Emily and Mitchell Rales
New York; Potomac, Maryland
Global science and technology
Overview
Mitchell Rales began collecting contemporary art in the 1980s, always guided by a personal appreciation for the artists he collects. As he told the New York Times in 2012, “Back in the 1940s and ’50s artists like de Kooning and Pollock were considered outcasts and revolutionaries. My brother and I were seen as two upstarts in a world of older CEOs.”

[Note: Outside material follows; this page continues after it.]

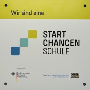 Bei einer großen Auftaktveranstaltung am 27.10.2025 in der Stadthalle Fürth gratulierte Frau Staatsministerin Anna Stolz allen ausgewählten bayerischen Schulen zur Teilnahme am „Startchancen-Programm“ und überreichte ein Schild mit dem Logo.

In the decades since he has amassed works by de Kooning and Pollock, as well as other postwar art giants like Jasper Johns, Ellsworth Kelly, John Baldessari, Robert Rauschenberg, Lee Bontecou alongside more contemporary work by artists like Felix Gonzalez-Torres, Kerry James Marshall, Lorna Simpson, Roni Horn, and Jean-Michel Basquiat, among many others. These works are now part of the collection Glenstone, a museum in Potomac, Maryland, that he founded with his wife, Emily (a former director at New York’s Gladstone Gallery who is now the Glenstone’s director) in 2006. The museum sits on a sylvan estate that was once used by a fox-hunting club, and it was expanded in grand fashion by architect Thomas Phifer’s firm in 2018.

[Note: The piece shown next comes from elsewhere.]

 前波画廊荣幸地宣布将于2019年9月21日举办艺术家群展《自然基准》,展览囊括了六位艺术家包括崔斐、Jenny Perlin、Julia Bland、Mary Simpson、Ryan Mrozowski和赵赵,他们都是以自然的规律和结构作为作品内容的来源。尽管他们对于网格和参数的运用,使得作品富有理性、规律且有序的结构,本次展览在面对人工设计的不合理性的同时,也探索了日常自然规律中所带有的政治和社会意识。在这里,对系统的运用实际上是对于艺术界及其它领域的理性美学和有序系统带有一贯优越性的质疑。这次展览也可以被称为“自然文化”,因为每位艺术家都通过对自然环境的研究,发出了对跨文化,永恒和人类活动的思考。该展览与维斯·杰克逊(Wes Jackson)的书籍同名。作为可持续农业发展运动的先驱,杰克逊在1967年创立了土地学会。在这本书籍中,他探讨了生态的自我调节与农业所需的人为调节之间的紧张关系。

During the May 2019 auctions in New York, the couple snapped up Lee Krasner’s The Eye is the First Circle (1960) for Glenstone; the work went for $11.7 million when it sold at Sotheby’s, and it shattered the artist’s previous auction record. When Jeff Koons’s Rabbit sold for $91.1 million that month at a Christie’s contemporary art sale in New York, rumors flew regarding the anonymous buyer. The winning bid was placed by art dealer Robert Mnuchin, who is known to work with the Raleses, but Mitchell told the Wall Street Journal that the piece would not be heading to Glenstone.